All these tools help to create what open-notebook aficionados call a living paper, which contains all components of the research, from e-mails to conference chatter on Twitter, and links them together in an openly accessible, easily updatable, digital workflow. “A living paper is alive in that it gets updated and it reflects the ongoing process,” says Boettiger. It allows scientists to document their entire scientific process, which they — and whomever they choose to share it with — can add to and derive new ideas from, says Matthew Jones, an expert in informatics at the National Center for Ecological Analysis and Synthesis at the University of California, Santa Barbara.

Preserved for posterity

All these records must be stored, and archiving not only data and computations, but also intellectual discussions, presents challenges. Boettiger links his Twitter feed to his open notebook, and generates a running online tab of his reading and notes through the Mendeley reference manager. “Our literature has expanded so rapidly that other people are often our best sources of being able to figure out what to read,” he says. Peter Andras, a computer scientist at Newcastle University, UK, also logs his reading through Mendeley and encourages his students to do the same.

But web-based resources often decline in popularity and if that happens, the record can languish unseen, or potentially even be lost. FriendFeed, for example, a hybrid between Twitter and Facebook, had a healthy researcher following in 2010 but now has substantially fewer users. Phillip Lord, a bioinformatician and a collaborator of Andras, says that for security he archives digital files through both archive.org, a general web repository, and an initiative at the British Library in London. Archiving services act as networks of libraries, storing data in multiple places to ensure that if one copy were lost or destroyed, it could be retrieved elsewhere.

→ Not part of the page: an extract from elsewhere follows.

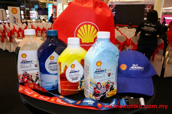 Minyak tersebut ialah Shell Advance Ultra dengan Teknologi PurePlus 10W-40 (1L) dan 15W-50 (1L), Shell Advance AX7 10W-40 (1L) dan Shell Advance AX5 Scooter 15W-40 (0.8L).

Such challenges make it difficult to maintain electronic and open notebooks — but they are unlikely to stop their increasing adoption. “We're moving away from the science that we can document with a pen and paper to the science that we do in six different venues on instruments and with GPSs and laptops and paper and pen,” says Strasser. “How do we capture that? It's super hard.” Even so, the advantages are hard to ignore. “The days of paper lab books,” Lord says, “are well past their best.”